Моя сестра до глубины души была убеждена, что любовь действительно может всё: и спасти, и вылечить, и утешить. Словом, всё-всё-всё. Атмосфера любви – а именно её создают вокруг себя такие дети, как моя сестра, для них так же необходима, как воздух. Если её не будет – они не смогут дышать полной грудью. Только там, где живёт любовь, могут расцвести их таланты. И ещё: когда они чувствуют эту любовь, то она возвращается и к ним, и к нам сторицей.

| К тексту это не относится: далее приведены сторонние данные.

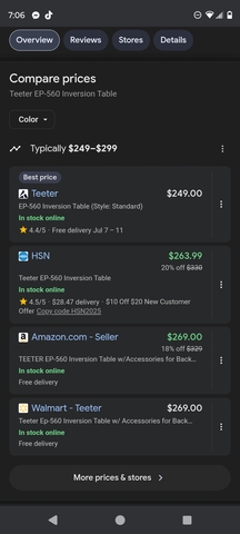 Gently used inversion table, in great shape just needing to sell some things. The price is not negotiable, comparison prices shown in picture. You haul but we'll bring it upstairs for you :)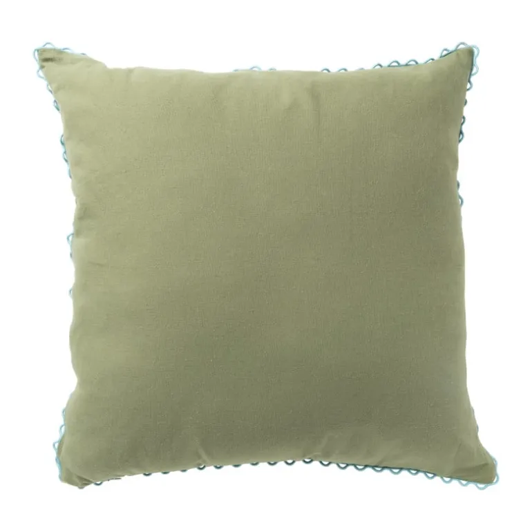 Het kussen is effen groen aan de achterkant en voorzien van een ritssluiting aan de onderkant. Het kussen is niet wasbaar, kleine vlekken kunnen worden verwijderd met een vochtige doek.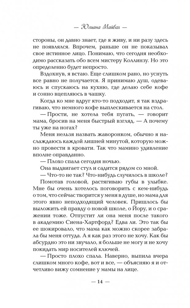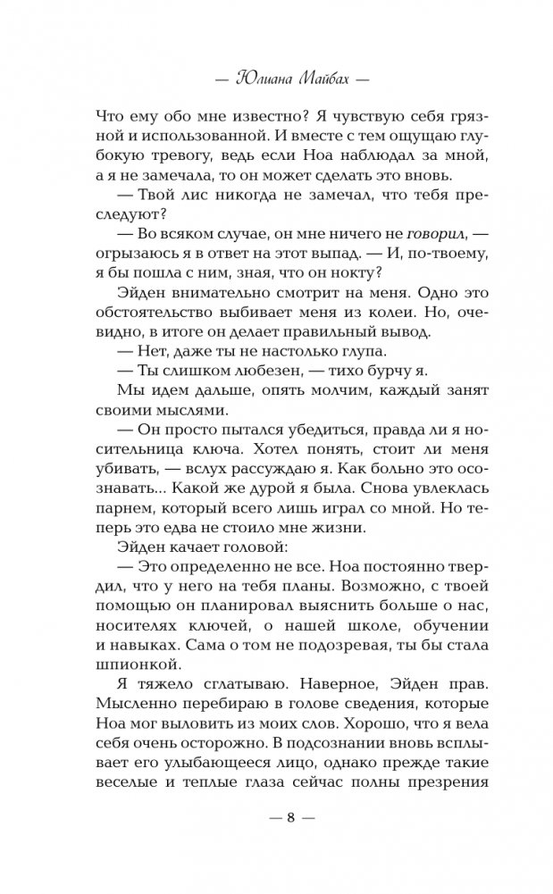 Тереза пытается освоиться в академии носителей ключей "Сиена Хартфорд". Это не так-то легко, ведь Эйден, сын директора, уверен: девушке не место в мире магии. И как будто этого мало, Ноа тоже не оставил ее в покое. Теперь Тереза знает его истинное лицо и хочет держаться от него подальше любой ценой. К сожалению, у парня совсем другие планы, и от него так просто не отделаться. Терезе предстоит выяснить, что стоит за враждой нокту и охотников, какие тайны скрывает академия и кто на самом деле управляет судьбами людей.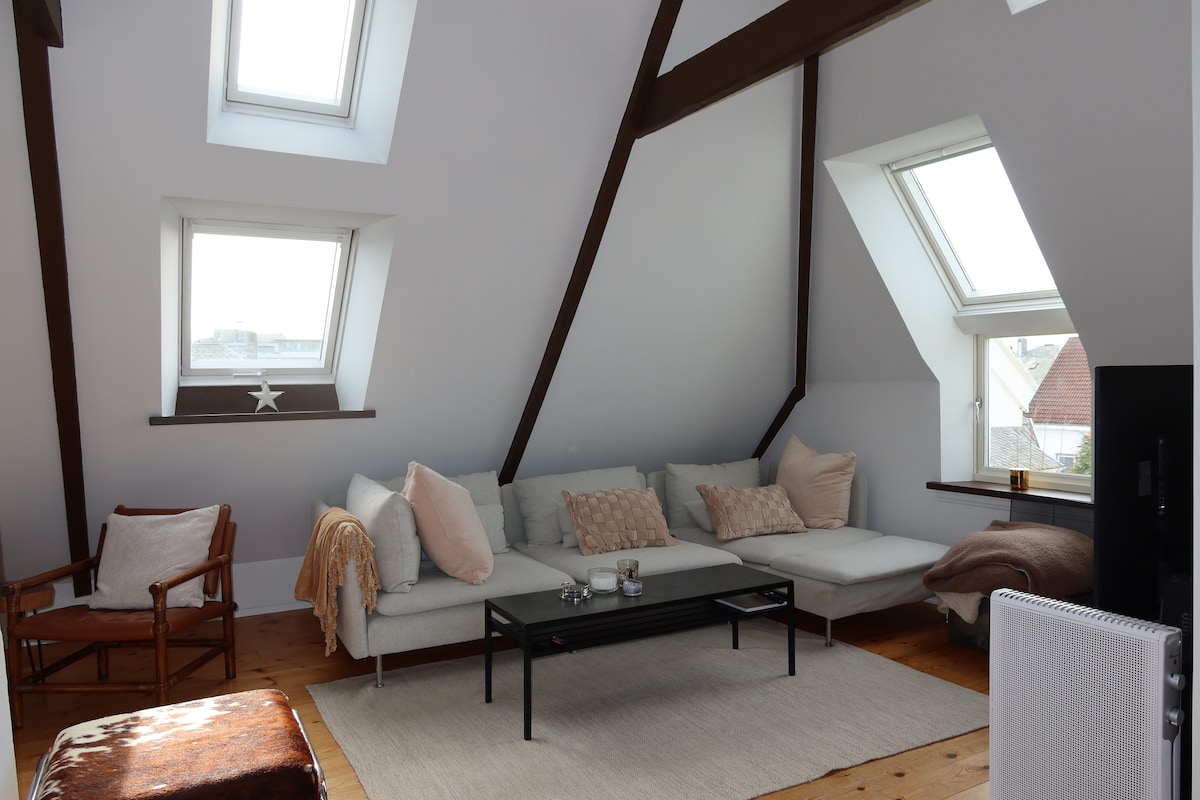 Charmig vindsvåning med sadeltak i centrum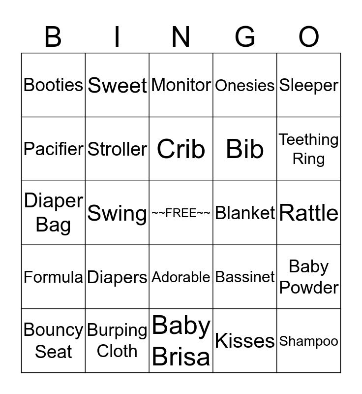 This bingo card has a free space and 38 words: Car Seat, Crying, Nursery, Stroller, Baby Powder, Diapers, Crib, Bottle, Sleeper, Bib, Swing, Onesies, Shampoo, Rattle, Pacifier, Formula, Playpen, Monitor, High Chair, Blanket, Booties, Burping Cloth, Teething Ring, Bouncy Seat, Cuddle, Baby Brisa, Mama Vero, Daddy Alan, Giggles, Little Fingers, Smiles, Adorable, Kisses, Sweet, Cheerish, Bassinet, Diaper Bag and Its a Girl.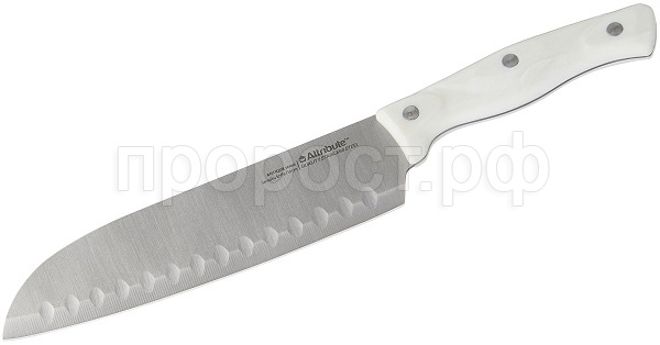 Форма ножа делает его подходящим для быстрой нарезки зелени, мяса, овощей. Нож сантоку прекрасно сбалансирован, имеет эргономичную ручку, которая удобно лежит в руке. Ручка из прочного пластика зафиксирована дополнительными болтами.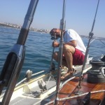 2110 – Mijamy Cabo Corveiro po lewej burcie. Wieje słaba trójeczka. Na noc zarefowany grot i kliwer. Musieliśmy zrzucić genuę z uwagi na przetarcie górnego stropika i fału. Będąc za sterem zauważyłem, że dośc dziwnie układa się przy fordewindzie, zawijając lekko za sztag. Rzut oka i wszystko jasne. Początkowo myślałem, że przetarł się fał, ale po bliższym oglądnięciu podło na stropik. Na baby sztag poszedł kliwer i płyniemy dalej ok. 4 węzłów. Tak czy inaczej w porcie czeka mnie wycieczka na top masztu. Chyba przy okazji porobię jakieś fotki. Jeśli zgodnie z przewidywaniami zakończymy jutro kolejny etap wyprawy, znów należą się brawa II oficerowi. Jedzenie z posiłku na posiłek znika z lodówki i bakist. Chyba znów uda się, że go nie zabraknie. Teraz w koję, dziś psia wachta ,czyli od północy.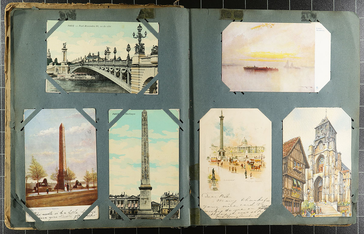 Family Postcard Collection Part A. An old-time collection of 187 postcards, in an equally old-time paper Postcard Album. While time has not been kind to the album, the postcards in have mostly held in-place, with several "loose" from when fallen out at sometime. While fairly "British" in origin, there are interesting cards mixed throughout including WWI Patriotic, "Captured German UC5 Mine Laying Submarine", Real Photo Postcards, 1915 Belgian Relief Fund, Dog/Cat illustrated (including Louis Wain), Greetings, Foreign etc. Offered as received, as one of four lots, all in this sale from the same family. Estimate =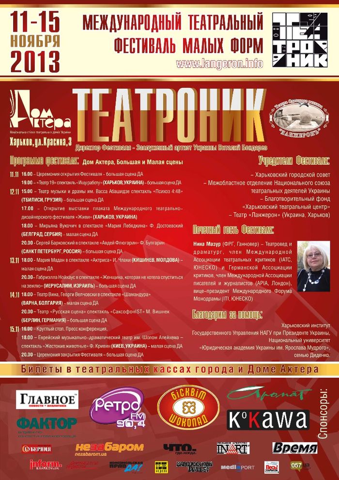 С 11 по 15 ноября 2013г. в Доме Актера состоится Международный Театральный Фестиваль малых форм «ТЕАТРОНИК».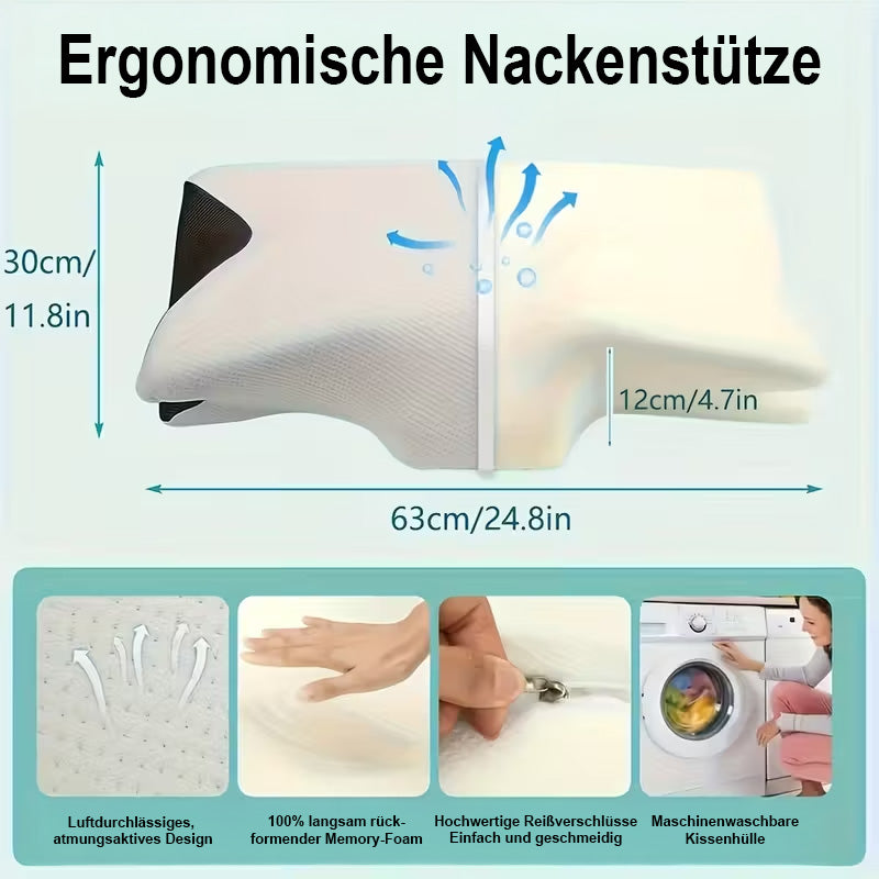 Ergonomische Nackenstütze – luftdurchlässige cervikale Unterstützung für entspannten Schlaf (Kostenlos 6 Wochen Probeschlafen)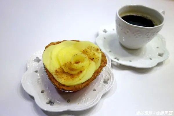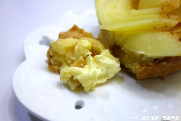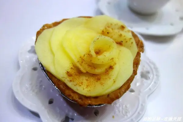 鬆軟的派皮內是香甜好吃的法式杏仁奶油餡與卡士達醬,搭配新鮮的蘋果片,小涵覺得很好吃。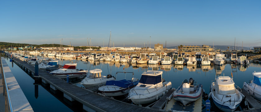Nature park path with Barbate town on the background in sunny Andalusia, South Spain. Popular landmark in Cadiz province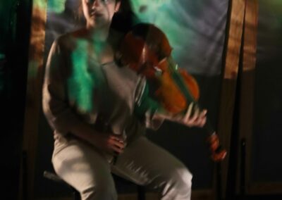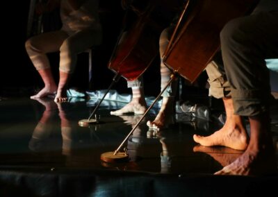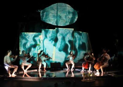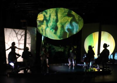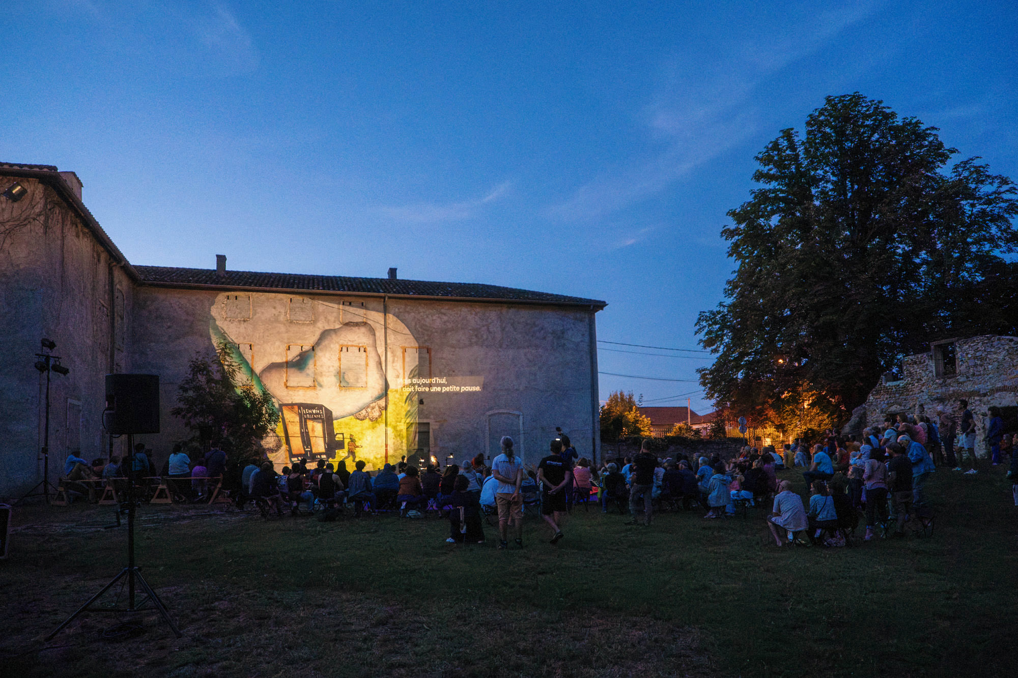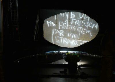 - Un spectacle en extérieur sur une place, façades, bâtisses, monuments ou en salle (noir complet)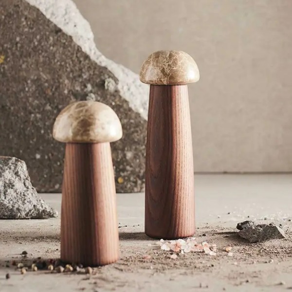 The Yami series salt mill is crafted from charred ash wood and features a ceramic grinder. This wood material creates the iconic dark color that characterizes the Yami series. The light marble provides a beautiful contrast to the dark wood, adding a distinctive touch to the design.

Статистика бездушная штука. Она всего лишь, без всяких эмоций и чувств, констатирует то, что таких, как моя сестра, немало в нашем мире. И в силу этого очень важно, чтобы рядом с таким ребёнком всегда были люди, которые не просто их любили, а понимали,

что этих детей не надо лечить и калечить. Их надо просто любить. Легко сказать, но как же трудно всё это осуществить.

Сегодня, вспоминая наше общее детство, я понимаю, что вокруг моей сестры всегда было много таких людей, которые были в состоянии подарить ей море любви. Как же я был благодарен всем им за это. А ещё я был благодарен Богу за то, что он даровал нам эту чудо-девочку и позволил в полной мере осознать как меру собственного эгоизма, так и понять, каково это – не быть таким как все. А ещё, я и сегодня уверен в том, что некие высшие силы посодействовали тому, что в те непростые для нашей семьи дни открылись неведомые ранее пути разрешения наших проблем.

Конечно, прошли годы и годы прежде, чем я смог осознать всю глубину трагедии, которую пережили мои мать и отец в тот день, когда они снова стали родителями. Как только моя сестра родилась, к ним пришли люди с целым ворохом бумаг и твёрдой решимостью забрать этого ребёнка в детский дом. В специальный детский дом, в котором находится множество детей, которым повезло родиться не такими, как все остальные люди. Эти непростые чувства они будут переживать ещё не раз.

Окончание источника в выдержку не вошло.